- Yangliupu Township Location in Hunan
- Coordinates: 29°34′01″N 111°07′41″E﻿ / ﻿29.56694°N 111.12806°E
- Country: People's Republic of China
- Province: Hunan
- Prefecture-level city: Zhangjiajie
- County: Cili

Area
- • Total: 108 km^{2} (42 sq mi)

Population
- • Total: 23,000
- • Density: 210/km^{2} (550/sq mi)
- Time zone: UTC+8 (China Standard)
- Area code: 0744

= Yangliupu =

Yangliupu Township (杨柳铺乡 (楊柳鋪鄉, Yángliǔpū Xiāng)) is a rural township in Cili County, Hunan Province, People's Republic of China.

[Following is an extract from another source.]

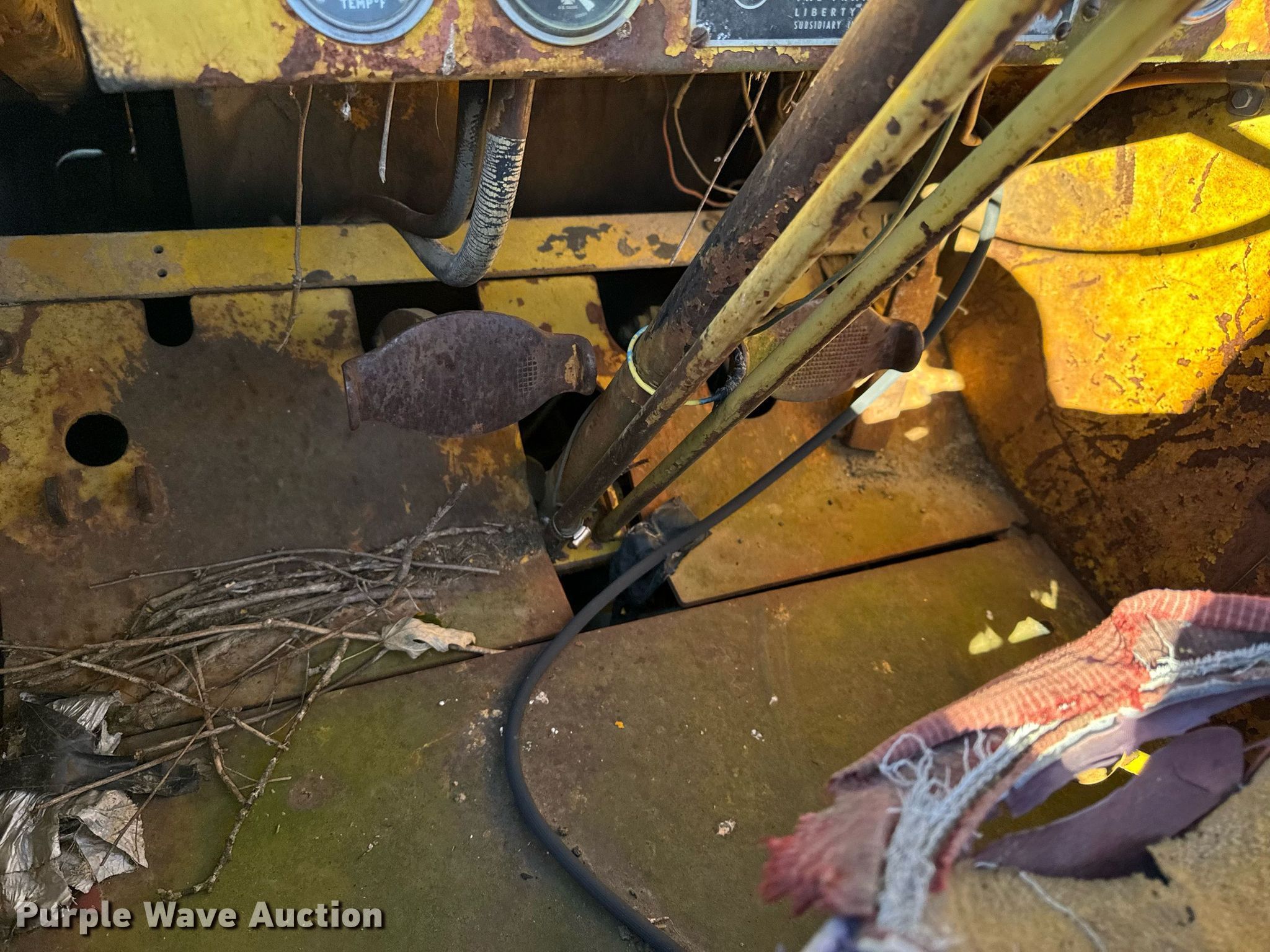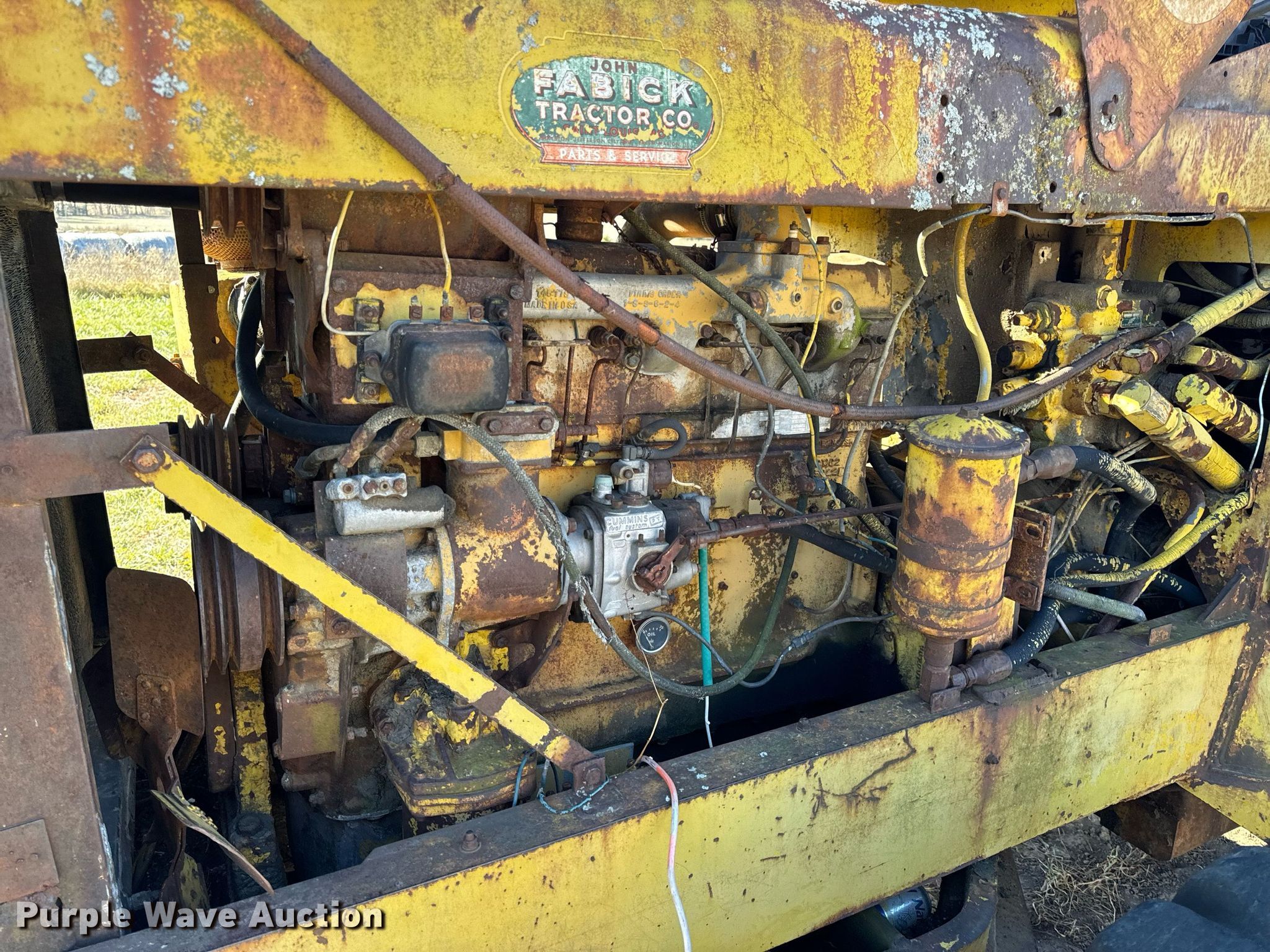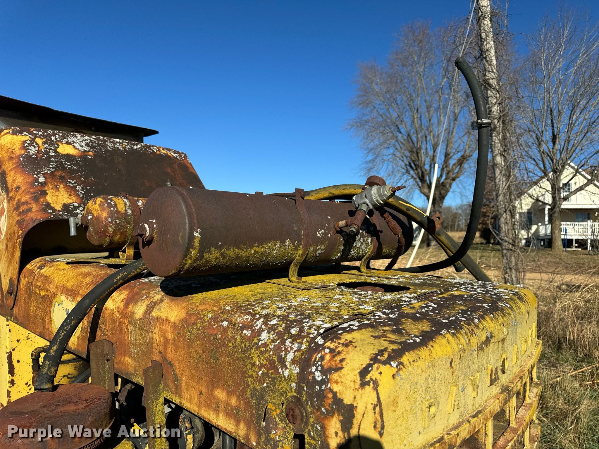 1964 Hough H90D wheel loader. Hours: 1,955 on meter, Serial: 27AC1211. Engine Cummins C180, Serial: 387207, Cylinders: 6, Fuel type: Diesel. Operators station OROPS, Bucket controls: Two-lever. Features Bucket Width: 97". Tires Size: 16.00-24TG. Notes Tire issues, flat, Unit must be towed or hauled., Non-operational unit. Bland, MO 65014

==Administrative divisions==
The township is divided into 23 villages and 2 communities, which include the following areas: Yangliupu Community, Yangxi Community, Chaxi Village, Siqiao Village, Xinpu Village, Fuxing Village, Sanhe Village, Xiaokeng Village, Lashu Village, Changwan Village, Kangzhuang Village, Zhongxi Village, Longyue Village, Yongsheng Village, Heye Village, Baojing Village, Xiangyu Village, Nanshan Village, Heyu Village, Shenping Village, Zhongguang Village, Huayue Village, Pingfeng Village, Yuanyang Village, and Jianzhuang Village (杨柳铺社区、杨溪社区、岔溪村、四桥村、新铺村、复兴村、三合村、小坑村、腊树村、长湾村、康庄村、中溪村、龙跃村、永圣村、荷叶村、宝景村、向峪村、南山村、荷峪村、申坪村、中广村、华岳村、坪峰村、鸳鸯村、俭庄村).